__DATA EXCERPT__
..............................

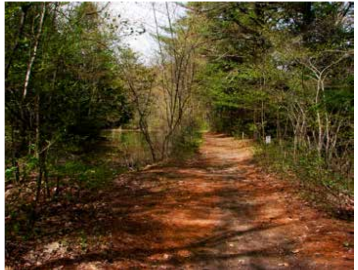
Hawkes Preserve Tow Path.
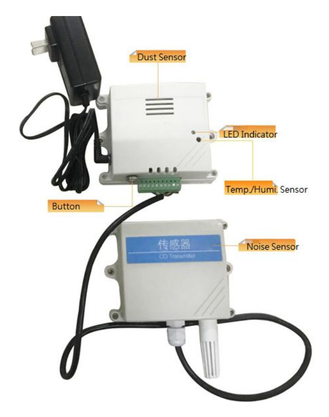
Figure 6 RA0716 internal dust and temperature and humidity Sensor (subject to the actual object)

RA0715 is connected to CO2 and temperature and humidity Sensor (subject to the actual object)

..............................

__ASSIGNED TASK__
Only the lines from the one with "Figure 6 RA0716" through the final line above belong in the answer, each retyped exactly.

__EXERCISE SOLUTION__
Figure 6 RA0716 internal dust and temperature and humidity Sensor (subject to the actual object)

RA0715 is connected to CO2 and temperature and humidity Sensor (subject to the actual object)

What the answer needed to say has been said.